## Examining Student and Online Perceptions of LSE

### Part 1: Introduction

Before arriving at LSE, many students likely hear of the university's low student satisfaction rates. These impressions often gain traction on online forums such as Reddit, where anecdotal accounts tend to amplify perceptions of dissatisfaction. Additionally, multiple university ranking websites also present LSE as having a comparatively low student satisfaction rate. Therefore, it is worth exploring this topic, to understand how "severe" the problem is and whether the data fully aligns with the online perception of the university.

We can explore the statement above through a series of focused questions:
- How does LSE student satisfaction compare to other universities?
- How does student satisfaction within LSE vary by degree?
- How has LSE student satisfaction evolved over the last few years (2020-2023)?
- How is LSE perceived by people online?

It is worth considering what is meant by student satisfaction. Many data sources such as the National Student Survey break down student's views into categories such as teaching, course content, course organisation and assessment. Meanwhile, online the focus tends to be on social opportunities, as well as societies. As "student satisfaction" is multifaceted we will be breaking down each question into the specific type of student satisfaction we are discussing, to avoid confusion. The NSS is generally better suited towards 'academic' related definitions of student satisfaction, such as student's views on the quality of the course, the teaching etc. whilst Reddit and online platforms likely better represent student's thoughts on their social lives at certain universities.




### Part 2: Data acquisition
- Go to 'Data_acquisition.ipynb' file

### Part 3: Data Preparation and Exploration

In [1]:
import pandas as pd
import pickle

### NSS data

We can answer many of the questions through the NSS. The NSS questions students on multiple different categories, such as teaching quality, course quality and assessment quality. Most websites ignore this distinction and simply focus on one of these metrics such as teaching quality, however, we wanted to make the distinction between categories clearer. As there are multiple categories, we create multiple dataframes so that visualisation is easier. Another important thing to consider is the response to population size; if it is high it means the measure of student satisfaction is more likely to accurately represent the real student body, compared to if it is low, when the results are less robust. This is the reason why many online displays of these metrics leave out universities like the University of Oxford, where a hefty proportion of the students boycott the NSS.

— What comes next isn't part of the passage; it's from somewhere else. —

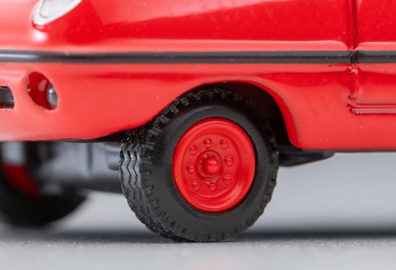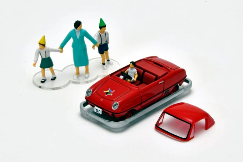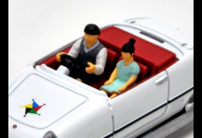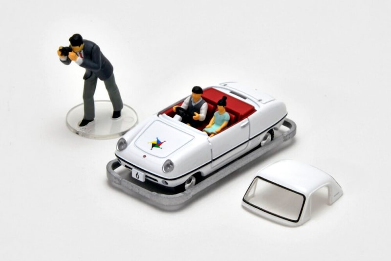 実車は赤・白・水色の3色が製作されたが、今回はまず白と赤の2色を展開。白の6号車はホイールキャップを備えた新車当時の姿を再現し、運転する子どもと、写真を撮る大人のフィギュアが付属する。赤の100号車は2014年にレストアされた後の仕様を再現し、三角帽をかぶった子どものフィギュアが付属する。
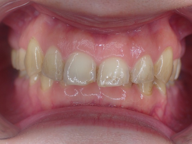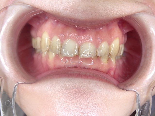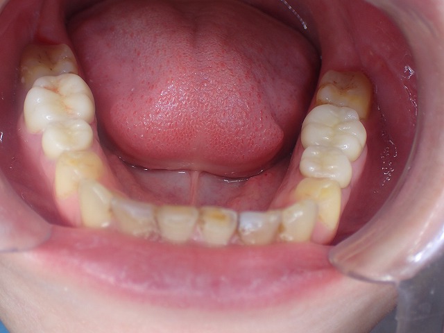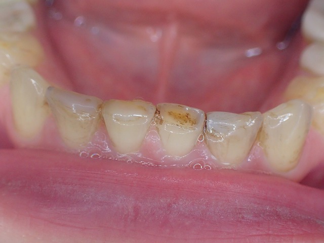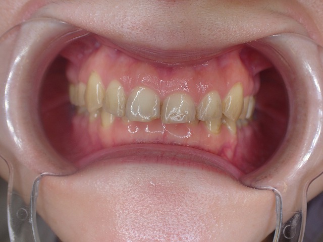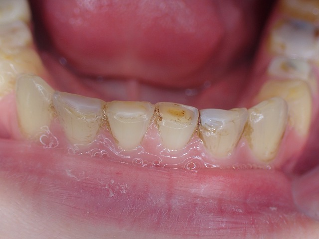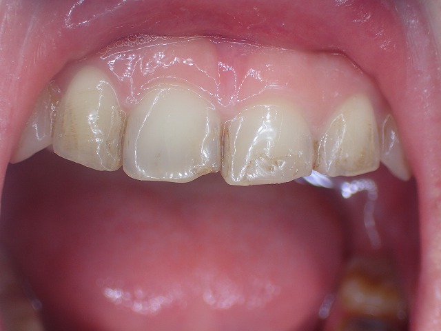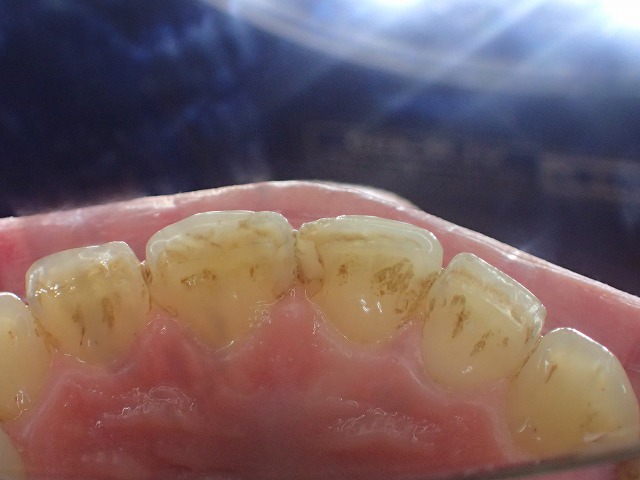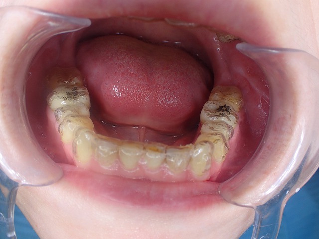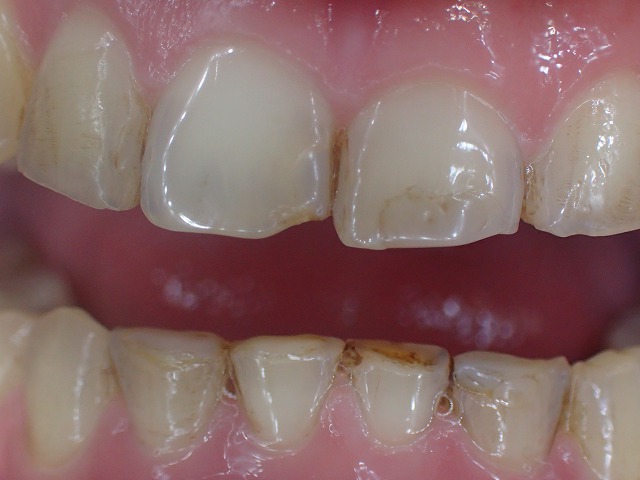 かなりの歯ぎしりで、前歯がバリバリに削れています。

We also wanted to display the variance between student's opinions on these measures through the standard deviation score.

In [2]:
file_path = './data/univ_df.pkl'

# Load the dictionary from the pickle file
with open(file_path, 'rb') as pickle_file:
    univ_df = pickle.load(pickle_file)

#refresher of the universities surveyed
for key in univ_df.keys():
    print(key)

LSE
Oxford
UCL
Birmingham
Edinburgh
Glasgow
Imperial
KCL
Manchester
Norwich
Strathclyde
Warwick


Below, we create dataframes representing the differences in student opinions on teaching quality, course quality, assessment quality, support quality, as well as course organisation quality. We considered aggregating every metric into one 'overall satisfaction' score, however, feel that would not take into account the fact that some may view certain criterion as deserving more weight; for example, course quality may be valued much more than assessment quality. 

The way each criterion's score has been calculated is through averaging 'Positivity Measures' to groups of questions. For example, the 'Teaching Quality' dataframe takes the following questions into account:

- Q01: How good are teaching staff at explaining things?
- Q02: How often do teaching staff make the subject engaging?

The Course Quality measures the following:

- Q03: How often is the course intellectually stimulating?
- Q04: How often does your course challenge you to achieve your best work?
- Q05: To what extent have you had the chance to explore ideas and concepts in depth?
- Q06: How well does your course introduce subjects and skills in a way that builds on what you have already learned?
- Q07: To what extent have you had the chance to bring together information and ideas from different topics?
- Q08: To what extent does your course have the right balance of directed and independent study?
- Q09: How well has your course developed your knowledge and skills that you think you will need for your future?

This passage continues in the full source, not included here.